タイトル: Bailout dynamics in a monetary union (通貨統合における救済のダイナミクス)
筆者: M.L. Kobielarz
要旨:
・ ユーロゾーンの救済は、有利な貸付条件での信用枠を含み、暗黙の財政移転を受ける国々に相当する。これは、ユーロゾーン内でのデフォルトを防ぐまたは危機を解決するために意図されているとされることが多い。
・ しかしながら、ギリシャは財政支援を受けながら債務不履行を起こし、深刻で長期の景気後退を経験した。本論文では、通貨統合内での国家の救済について、主権債務不履行と連邦からの離脱という2つの別々の意思決定がある枠組みで分析する。
・ 研究対象となる救済は離脱を防ぎ、したがって後のデフォルトを排除するが、後のデフォルトを排除するものではない。
・ このモデルはギリシャの経験を再現し、救済、デフォルト、および景気後退の共存を捉える。また、救済に関連するモラルハザードの議論に新たな視点を提供する。
タイトル: Growth and risk: A view from international trade (成長とリスク:国際貿易からの視点)
筆者: Pravin Krishna, Andrei A. Levchenko, Lin Ma, William F. Maloney
要旨:
・ 本論文では、国際貿易の観点からリスキーなイノベーションと成長の国別パターンを研究する。
・ 金融開発のレベルが異なる状況下で企業によるリスキーな品質のアップグレードの理論的枠組みを使用して、品質の成長率の平均とそれに対応する品質成長の横断面分散とが正の相関があるという2つの予測を導き出す。

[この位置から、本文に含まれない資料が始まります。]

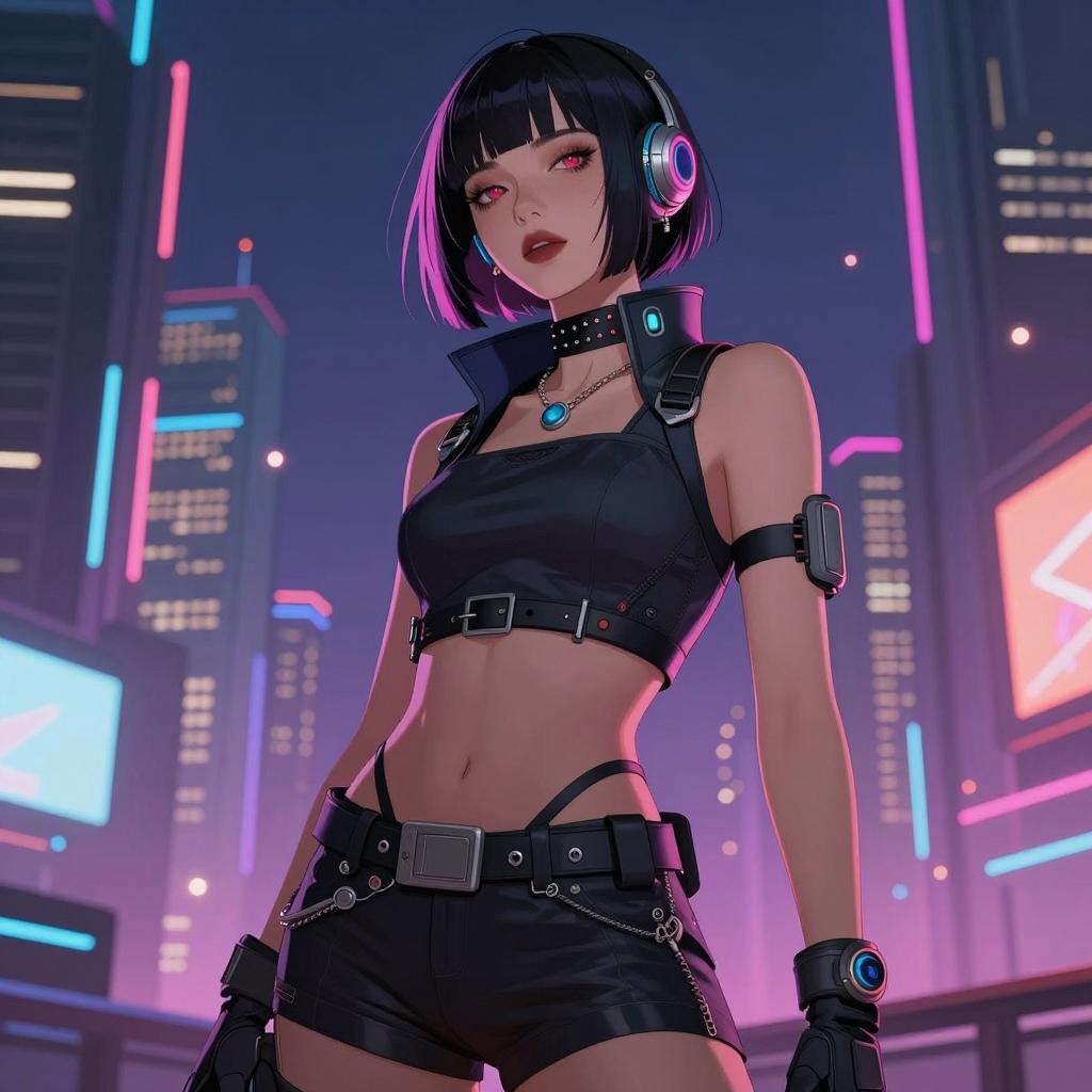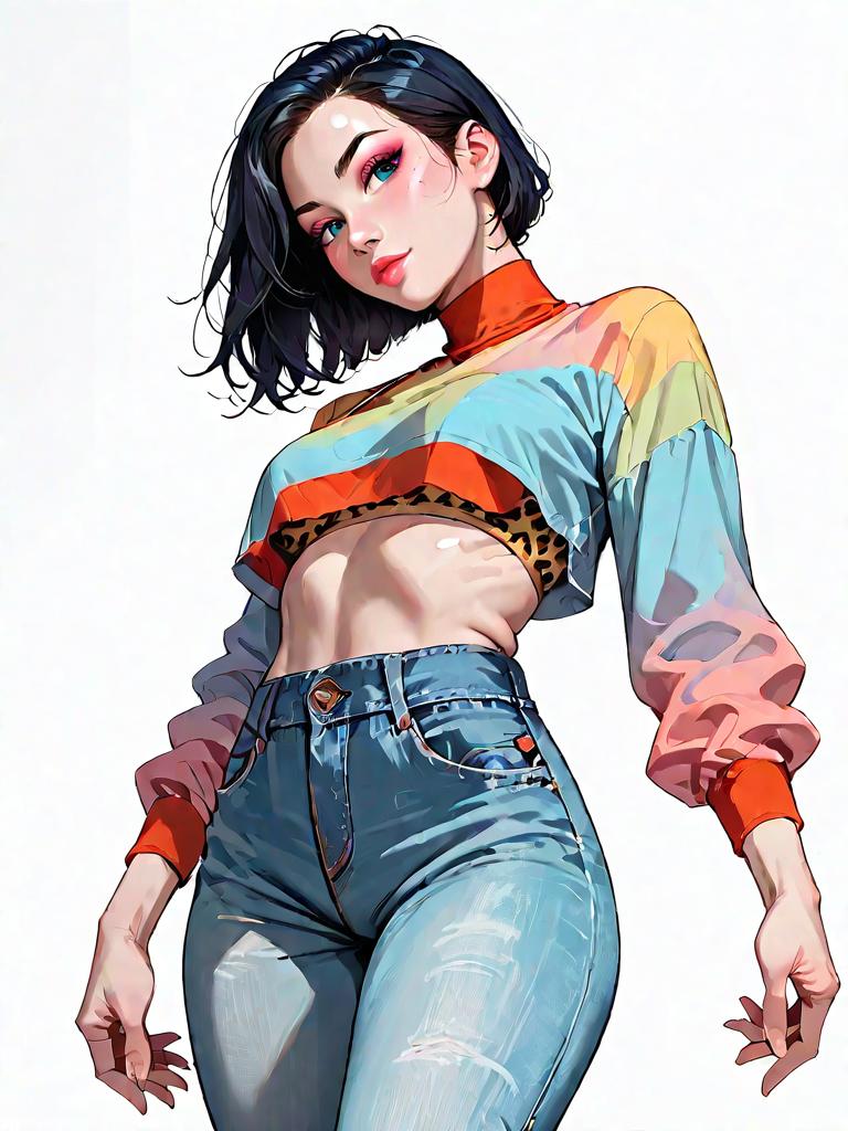 Digital illustration of a confident young woman with short black hair, striking blue eyes, and bold eyebrows wearing a blue crop top with orange straps and high-waisted pants. She accessorizes with large gold hoop earrings, a black choker, an armband with a digital device, and a utility belt. The colorful abstract background emphasizes a modern, futuristic, and adventurous theme.
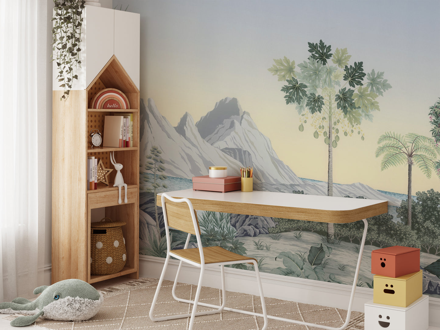 Turn your room into a tranquil vacation with the tropical paradise botanical wall mural. This tropical scenery wallpaper can insert rich greenery, exotic trees, and an awe-inspiring coastal scene into your house. Inspired by traditional botanical illustrations, it brings a sense of timelessness to any space. The soft, muted colours and acceptable specifications evoke a restful environment suitable for bedrooms, living rooms, or offices. This botanical wallpaper lends its nature-inspired beauty to interiors and delivers an integrated combination of tranquillity and sophistication. Elevate your décor effortlessly with this stunning mural, turning your walls into a paradise retreat. Easy to install and durable!
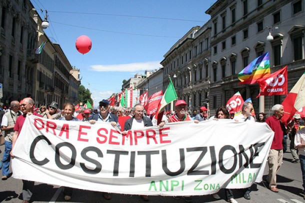A meno di 24 ore dall’attacco lanciato dall’assemblea di Federalberghi, il capo del governo torna ad attaccare la Carta repubblicana. Non è una novità: LeG ha documentato con il Libretto nero dei diritti perduti tutti i colpi inferti alla Costituzione da questo governo nei primi due anni di legislatura.
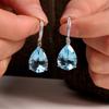Eleganter Silberohrring mit baumelndem Verschluss für Frauen und Mädchen, natürliche, riesige Birnenform, himmelblauer Topas, feiner Schmuck, Partys, Geburtstagsgeschenk
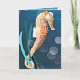 Cartão Cavalo-marinho laranja contra o mar com bolhas
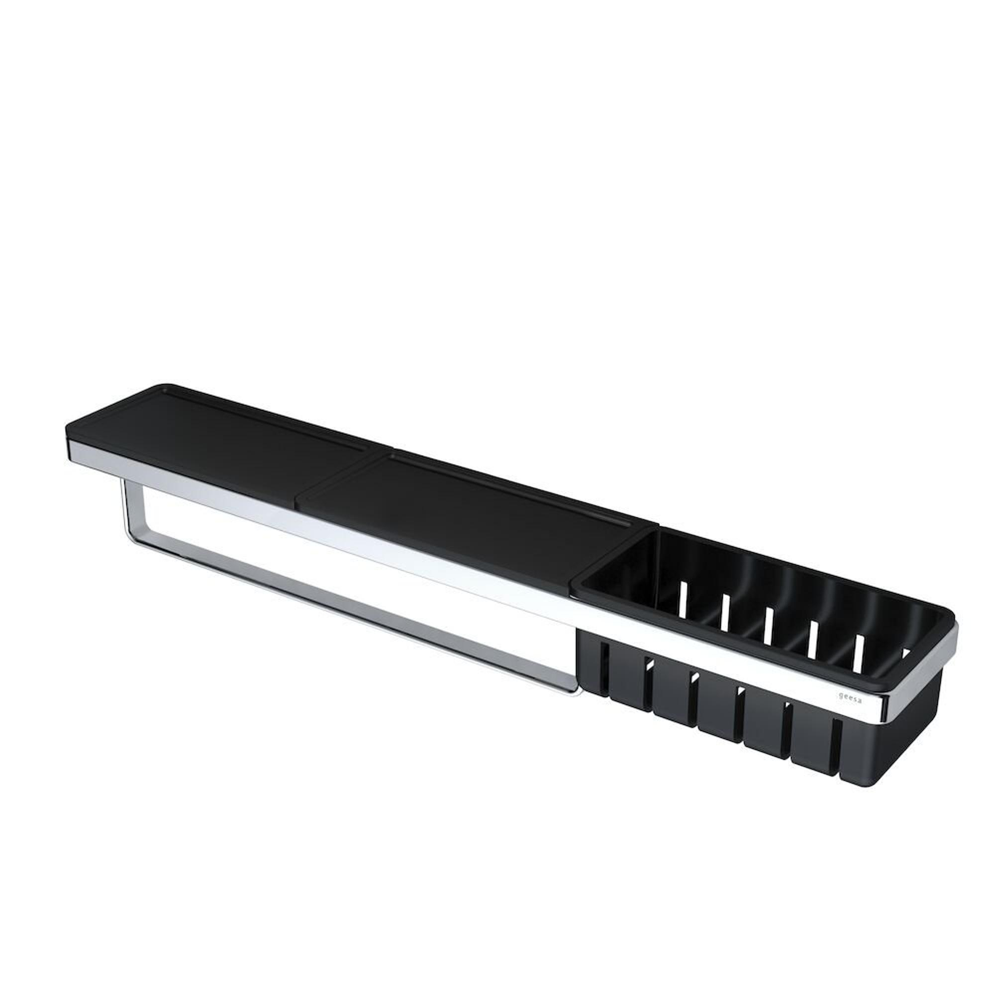 Geesa Frame Planchet met handdoekrek en douchemand Zwart / Chroom
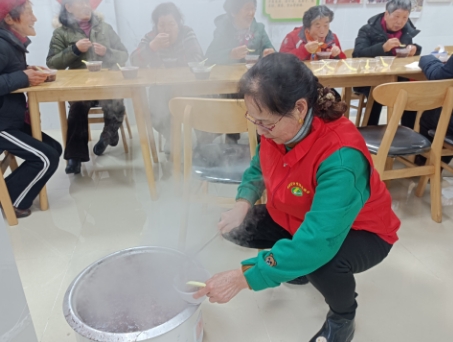 活动中,工作人员耐心熬煮腊八粥,保证粥的香浓和口感。同时,也准备了一些腊八节的传统食材和小吃,让老人们在这个特殊的日子里感受到家乡的美味和温暖。志愿者将热腾腾的腊八粥送至老人手中,老人们接过粥,脸上洋溢着喜悦和感激的笑容,这份关怀让他们倍感幸福。
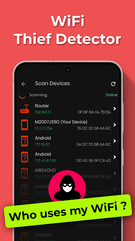 वाईफ़ाई चोर डिटेक्टर के साथ आज ही अपने वाईफ़ाई को सुरक्षित करें!
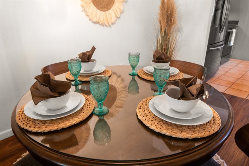 Inside, you’ll find an open-concept living area with a sectional sofa, cozy gas fireplace for the cooler months, and a flat-screen TV for relaxing nights at home. The dining space is perfect for board games, shared meals, and memorable moments and the kitchen is fully stocked, updated, and ready for everything from morning smoothies to sunset tapas.
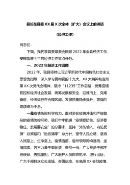 县长在县委XX届X次全体(扩大)会议上的讲话(经济工作)同志们:下面,我代表县委常委会回顾2022年全县经济工作,安排部署今年的经济工作重点任务。一、2022年经济工作回顾2022年,我县坚持以习近平新时代中国特色社会主义思想为指导,深入学习贯彻党的十九大、XX大精神和省州第XX次党代会精神,坚持“11235”工作思路,统筹疫情防控和经济社会发展,统筹发展和安全,迎难而上、克难奋进...
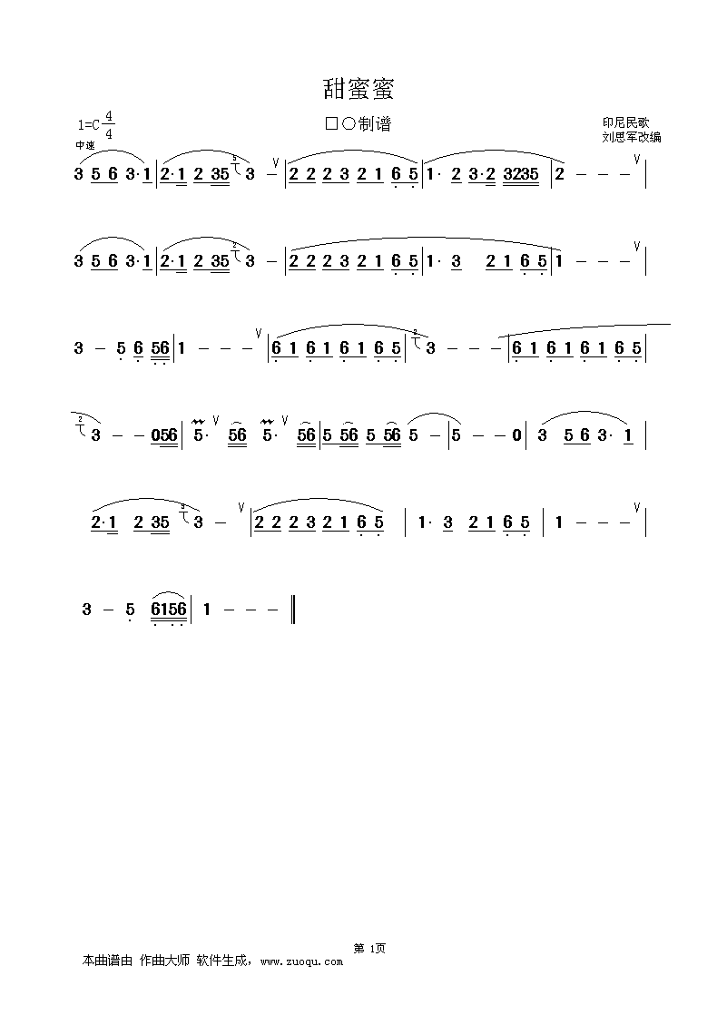 甜蜜蜜 简谱 曲谱 歌谱
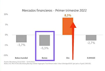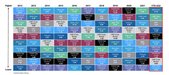 De hecho, no hay ningún activo de renta fija que esté en positivo este ejercicio. Si te fijas en el cuadro de más abajo, en la última de las columnas, ya sean bonos globales, americanos, high yield… TODOS EN NEGATIVO, y a ti tu banco te dijo que la renta fija era segura…
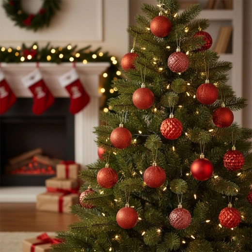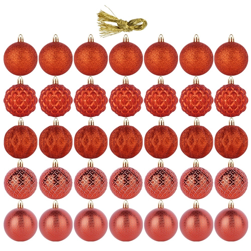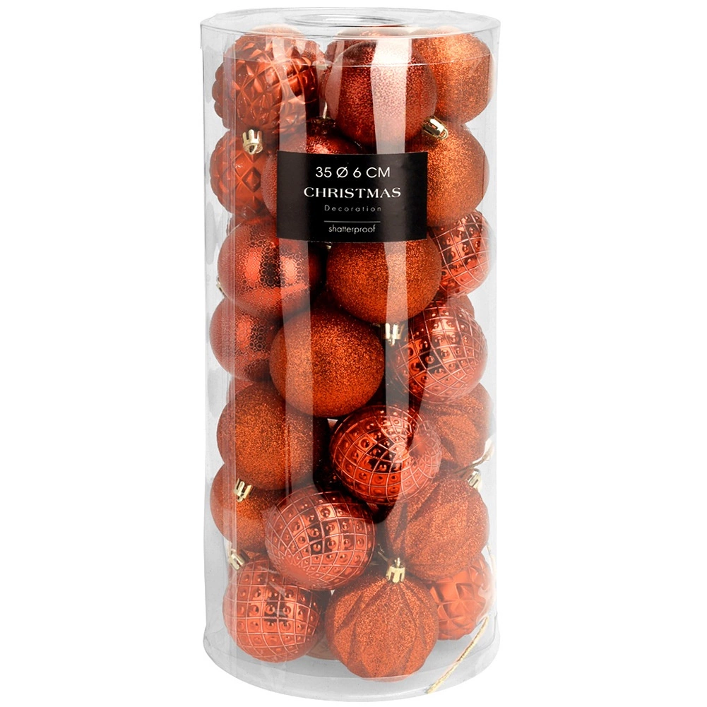 Stílusos 35 darabos piros karácsonyi gömb készlet 6 cm átmérővel a klasszikus ünnepi megjelenésért. A gömbök törhetetlenek, ideálisak gyermekes és kisállatos háztartásokba. Különböző felületkezelések – fényes, matt és csillámos – a látványos és változatos dekoráció érdekében a fán, koszorúkon és girlandokon.
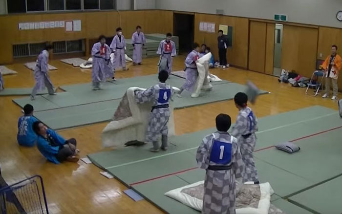 Na slici je japanski nacionalni turnir u borbi jastuka. Borci s jastucima započinju pretvarajući se da spavaju. Ali kada se označi početak, oni se dignu na noge i trče kako bi uzeli jastuk. Mješavina dodgebola i šaha, timovi se gađaju jastucima, štiteći "kralja".
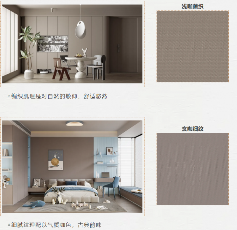 肌理紋的質感更具自然簡約、古典優雅的氣韻。千年舟PET輕顏板高端花色——肌理系列共5款:亞麻淺咖、淺棕格紋、淺咖藤織、玄咖細紋、奶咖細紋。亞麻、編織、格紋、細紋,溫柔靈動、細膩自然,是追求自然與環保、典雅與藝術的空間美感。
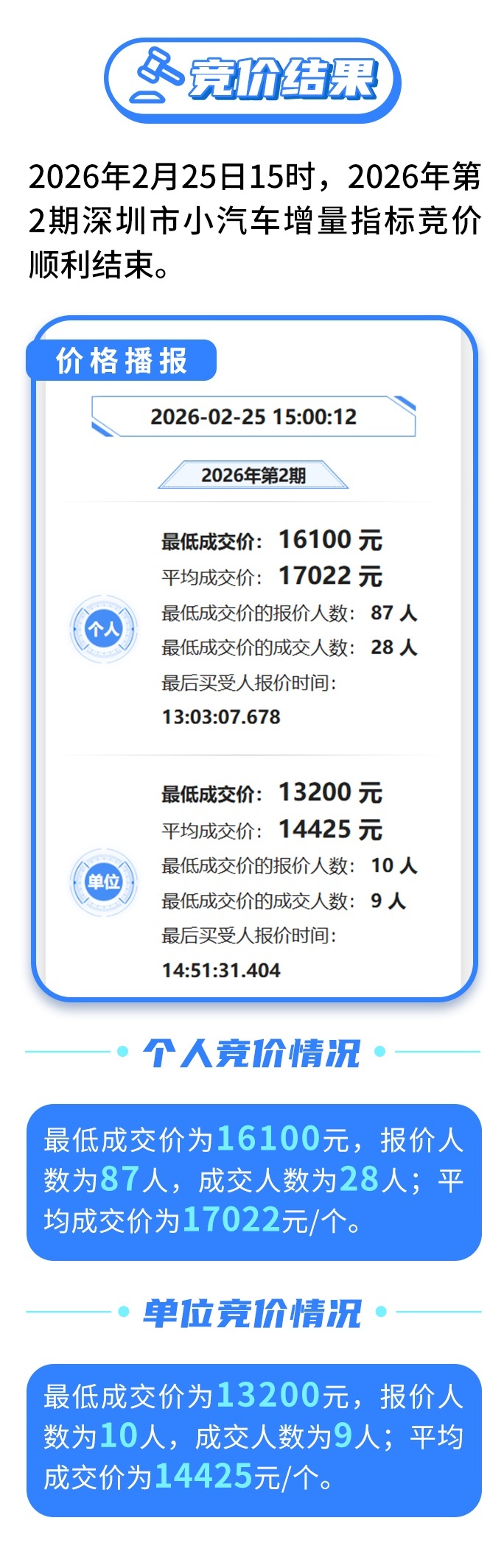 2026年第2期粤B办法竞价效果出炉,个东谈主最低成交价16100元;单元最低成交价13200元。
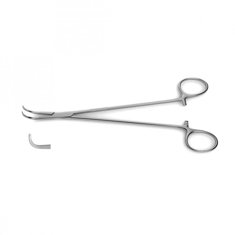 Dietrich Clamp is 4 ?” and contains serrated jaws that are curved at a right angle that can help to grasp blood vessels that are harder to reach. This clamp provides a secure method of occluding blood flow to smaller vessels due to its locking mechanism on the inner part of the ring-handles. The ratchet device allows for a precise grasp and can easily be positioned onto the end of a vessel.
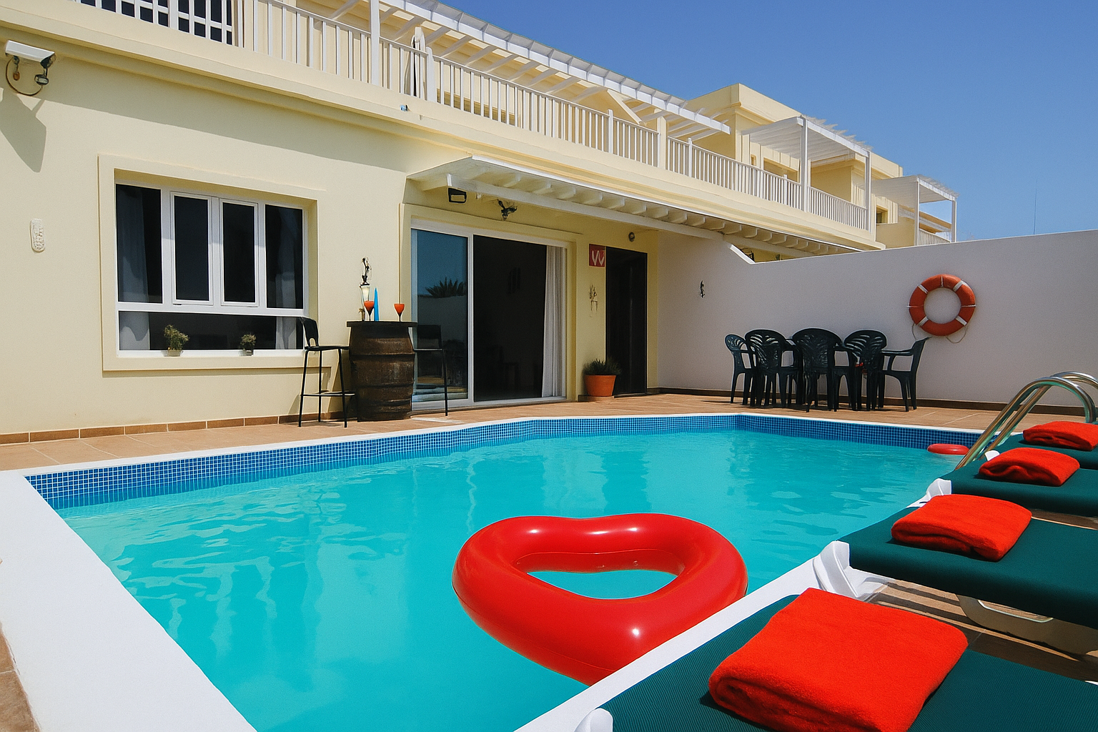 Had a lovely stay at this villa. Villa is very well equipped (also with floaties for the pool).

・ さらに、品質変化の平均と分散は、国の金融開発レベルと正の相関がある。
・ この2つの仮説を米国へのHS10単位の輸出の詳細データを使用して検証する。データのパターンは、理論と整合的である。品質成長の平均値と分散は強く正の相関がある。金融の深化が進んでいる国ほど、製品品質の成長の平均値と分散が高い傾向にある。
・ 研究結果は、発展の過程で製品品質の改善におけるリスクと平均値のトレードオフを示唆している。金融の深化は、製品空間の変化の変動の低下を意味しない。
タイトル: Gains from trade liberalization with flexible extensive margin adjustment (柔軟な広範なマージン調整を伴う貿易自由化による利益)
筆者: Chang-Tai Hsieh, Nicholas Li, Ralph Ossa, Mu-Jeung Yang
要旨:
・ 我々は、生産性分布および生産および輸出への選択の任意のパターンを特徴とするCESモデルの中で、貿易の事後的な福祉の利得を測定するための十分な統計量を提案する。
・ この統計量は、継続的な国内生産者の市場シェアの変化、および製品間の代替弾力性という単一の構造パラメータに基づいている。
・ 我々は、観察された企業選択のデータを使用して、カナダがカナダ・米国自由貿易協定から得た利益を測定するためにこの統計量を適用する。
・ 結果から、福祉の利得は、広範なマージンの弾力性が一定であると仮定する公式から示される福祉の推定値と大きく乖離する可能性があることが示唆される。